There can be progress … in regard to consciousness
Technological progress is bullshit, a chimera, a delusion.
Technological development is a mystique for the masses as it enriches the elites.
It’s a distraction. That’s what David Watson was getting at:
What would an authentic Earth Day look like? Wouldn’t it look like a moratorium on production, a reduction of mechanical movement, and with it of the industrial noise that drowns out the wind; when all of the former cogs of the megamachine take a long look at the world, perhaps for the first time, and begin the process of becoming living subjects once more? Wouldn’t they engage one another, face-to-face, taking stock of hands and feet and head and heart as the real material bases for a new society?
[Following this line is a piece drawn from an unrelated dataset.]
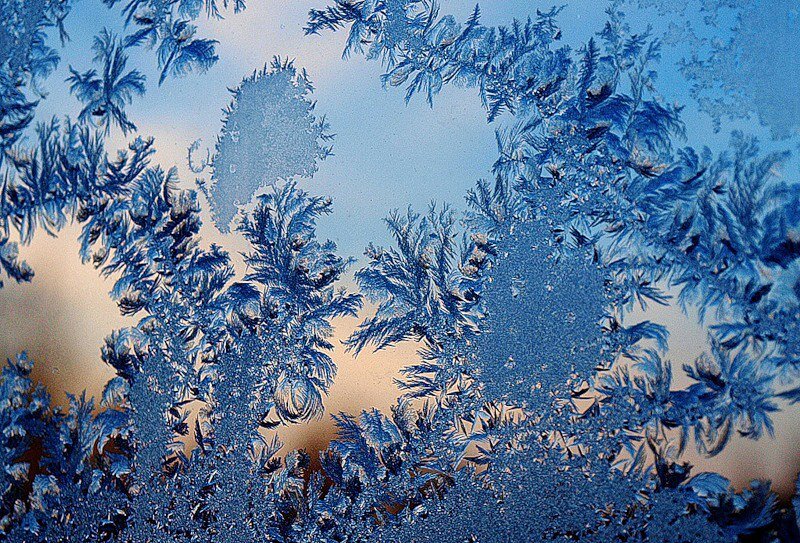 Морозные узоры на оконном стекле – удивительное и загадочное творение природы. Как будто под тончайшей кистью художника появляются на стекле сказочные леса и искрящиеся под солнцем пушистые от инея ветви. Скользя взглядом по изумительной картине, мы вновь и вновь задаемся вопросом, какое чудо создало на окнах эти зимние узоры. Причина появления ажурных белоснежных картин – осаждение водяных паров на холодном стекле с последующей кристаллизацией мельчайших капелек воды при отрицательных температурах. Главными условиями для создания ледяных кристаллов является высокая влажность воздуха и плавное охлаждение поверхности стекла. Среди всего многообразия ледяных узоров наиболее часто встречаются древовидные формы (дендриты) и узоры в виде волокнистых образований (трихиты). Образование той или иной разновидности зависит от окружающей среды: исходного состояния водяных паров и условий его охлаждения. При плавном охлаждении стекла от нуля до шести градусов мороза и незначительной концен
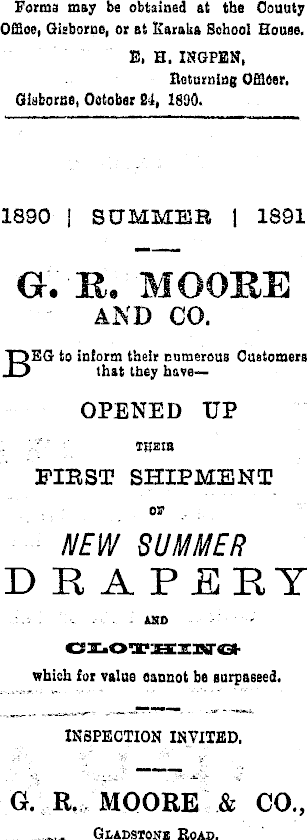 Forms may be obtained at tho Couuty Office, Gisborne, or at Karaka School House. E, H. INGPEN, Returning Officer. Gisborne, October 24, 1890. 1890 | SUMMER | 1891 G. B. MOOKE AND CO. BEG to inform their numerous Customers that they have— OPENED UP THEIB FIRST SHIPMENT or NEW SUMMER DBA PERY AND CSK.O’OCaEEXBSTG!which for value cannot be surpassed. INSPECTION INVITED. G. R. MOORE & CO., Gladstone Road.

Wouldn’t they begin to retrace their steps, back away from the edge of the precipice, turning things off and beginning to rely on their communities and their own human powers to meet their few essential needs so as to get on with the real adventure of living, of singing, of dreaming?
But there can be progress in regard to consciousness. The initiation of Earth Day itself is an indication of that. And it’s been extremely encouraging to see the indigenous-appreciating transformation of attitudes toward Columbus Day and Thanksgiving within just a generation or two.
The true progress re: higher consciousness could ultimately lead to a deconstruction of the faux progress re: higher tech.